Did you get taught it was the ‘norm’ to stick with a job you hated?
Were you taught to ‘blend’ in, and not stand out. Were you made to certain items of clothing, did you have to take up ‘hobbies’ and behave in certain ways around certain people.
Was it the norm to hold onto your opinions, ideas and feelings because ‘you had to be seen and not heard’?
Were you taught who were the authority figures you had to obey? Parents, Carers, Teachers, GP’s, religious leaders, anyone with a few letters after their name?
Perhaps you grew up thinking that the TV was the authority, that everything coming at you in pixels was the truth.
Were you encouraged to be your own authority? Were you parents the worst authorities?
Final Thoughts…
I conform, I obey, I groupthink, so am I being a hypocrite?

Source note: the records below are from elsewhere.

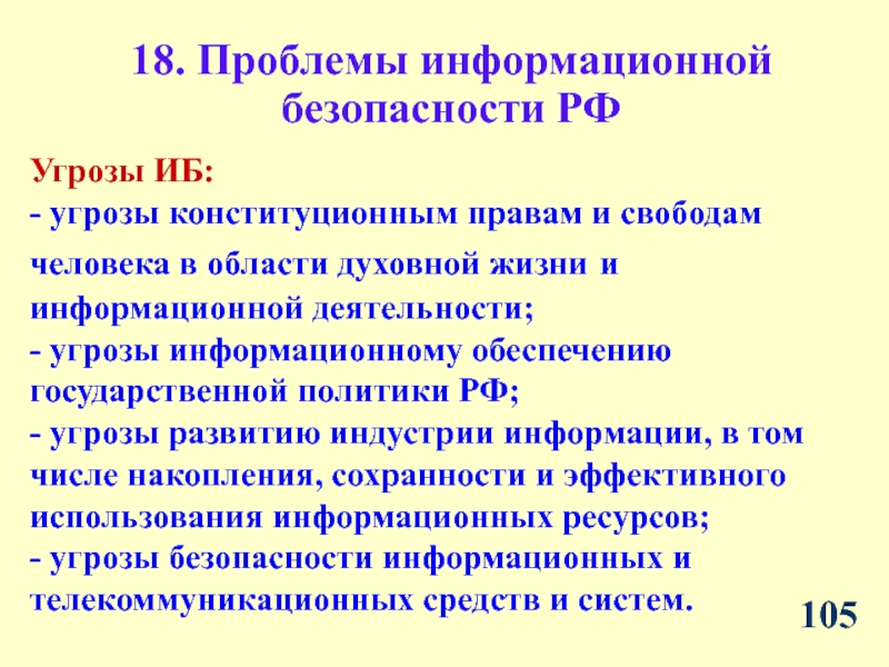 - угрозы конституционным правам и свободам человека в области духовной жизни и информационной деятельности; - угрозы информационному обеспечению государственной политики РФ; - угрозы развитию индустрии информации, в том числе накопления, сохранности и эффективного использования информационных ресурсов; - угрозы безопасности информационных и телекоммуникационных средств и систем.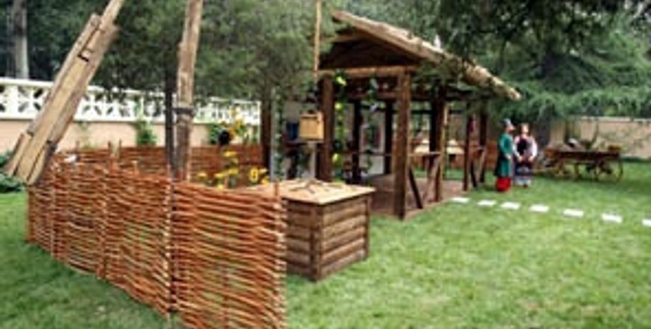 Центр с названием "Украинский дом" оформлен в виде типичного украинского селения. Здесь можно увидеть хатку, плетень, воз, колодец, кринки, подсолнухи, ржаные снопы. Всех гостей встречают народные музыканты с песнями и танцами.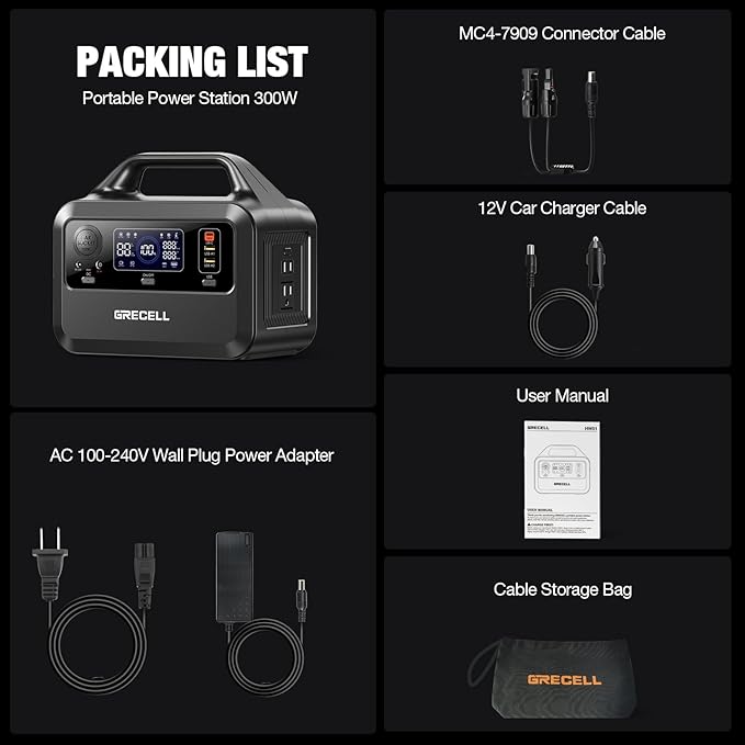 GRECELL Portable Power Station 300W, 230Wh LiFePO4 (LFP) Battery, 1.5hrs Fast Charging, 2 Up to 300W(Peak 600W) AC Outlets, Solar Generator for Outdoor Camping/RVs/Home Use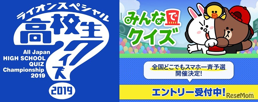 日本テレビが開催する「ライオンスペシャル 第39回全国高等学校クイズ選手権(高校生クイズ2019)」は、「LINEみんなでクイズ」を活用して高校生クイズ史上初となる「全国どこでもスマホ一斉予選」を実施する。予選は2019年7月26日。

I follow the rules of the land where I live (authority – police, laws, government). Although I would consider myself to ‘free’ in my thinking, am I?
Are you? Can we truly be free? In one shape or form will we always have to be sheep somewhere?
Do I have the right to ask people to ‘question’? At what point do we give up asking ‘but why?’ and go along with herd.
What do you think? Should we/can we be our own authorities?
PS: Here’s a few quotes :-)
Be who you are and say what you feel, because those who mind don’t matter and those who matter don’t mind. ~Dr. Seuss
The individual has always had to struggle to keep from being overwhelmed by the tribe. If you try it, you will be lonely often, and sometimes frightened. But no price is too high to pay for the privilege of owning yourself. ~Friedrich Nietzsche
Before you can break out of prison, you must first realize you’re locked up.